How to complete this task
Pictures do not belong in the copy, so please give every entry below again exactly.

Dataset records

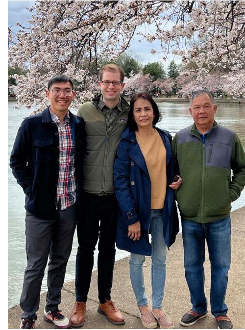
Touring the cherry blossoms
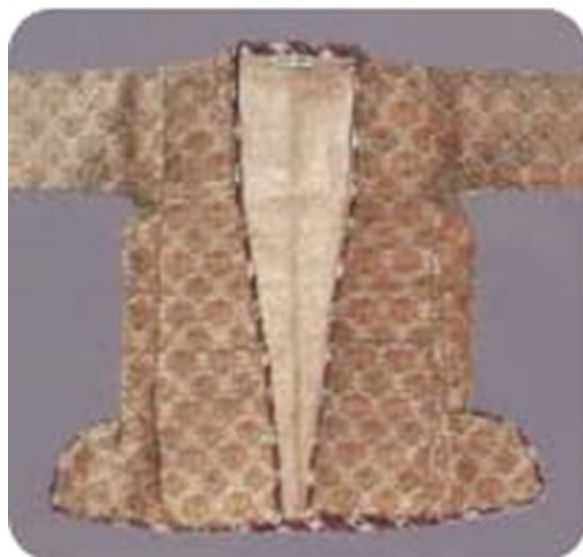
Figure 4: Kulja (Jacket)
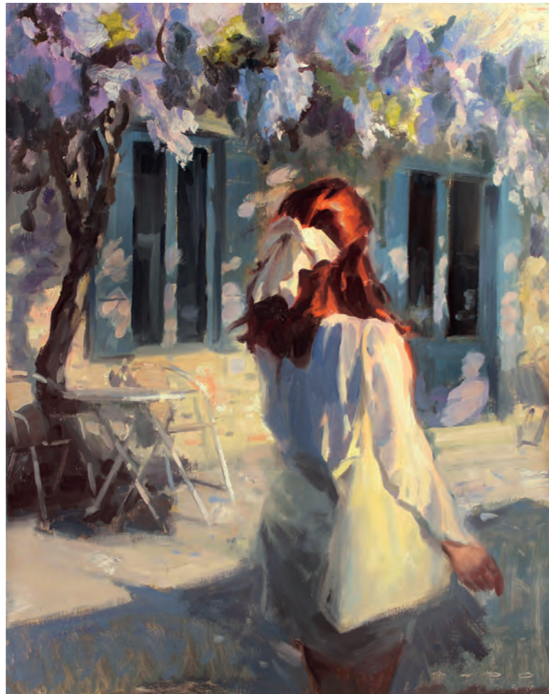
Glycine Violet Oil on canvas 36 x 28 inches
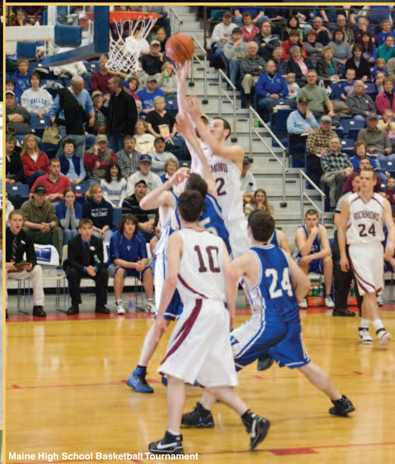
Maine High School Basketball Tournament
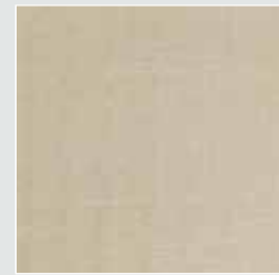
Vienne Silk White Sand 31458WC/12
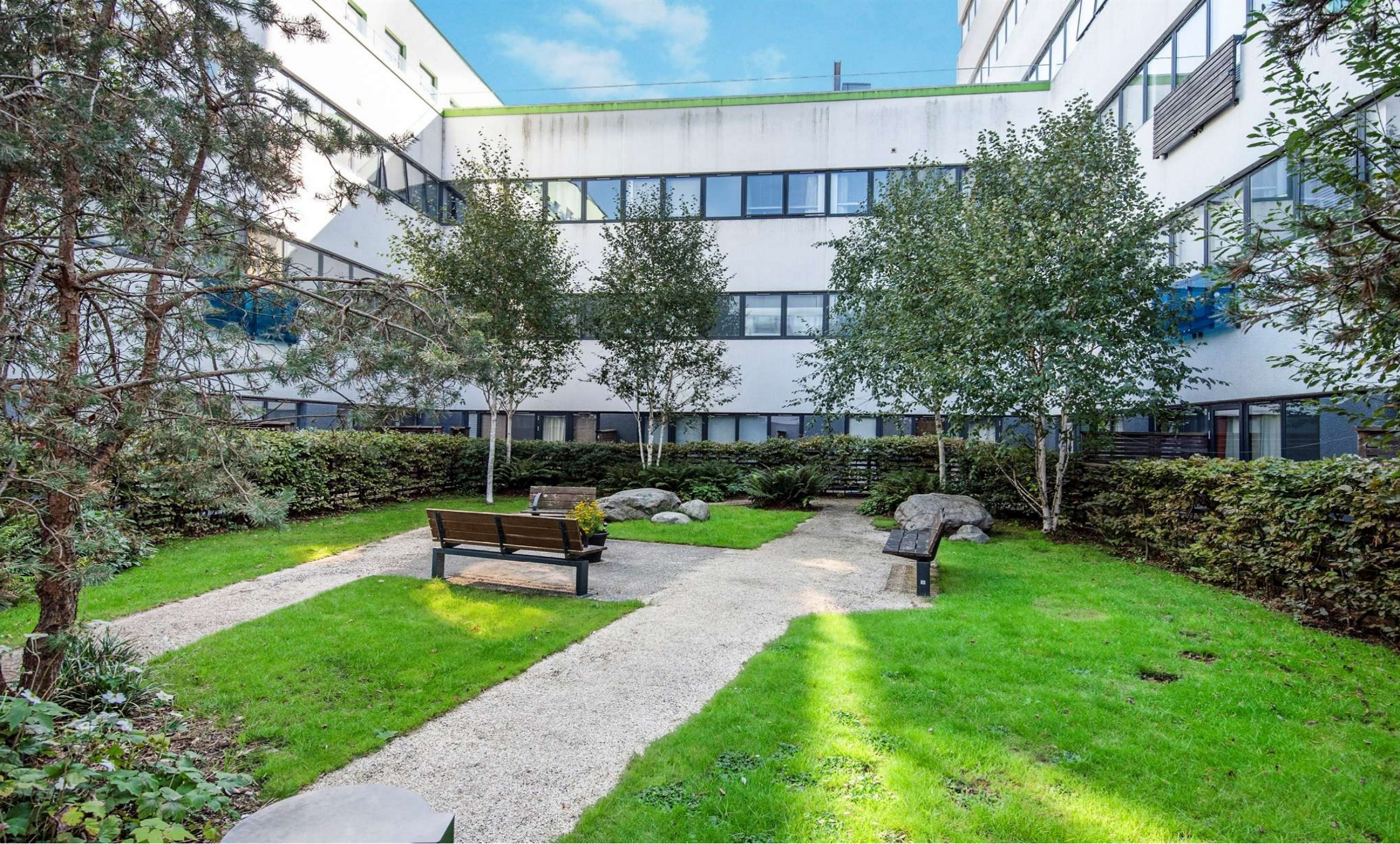
Six Hills House, Kings Road, Stevenage, SG1 1AW

Result
Touring the cherry blossoms
Figure 4: Kulja (Jacket)
Glycine Violet Oil on canvas 36 x 28 inches
Maine High School Basketball Tournament
Vienne Silk White Sand 31458WC/12
Six Hills House, Kings Road, Stevenage, SG1 1AW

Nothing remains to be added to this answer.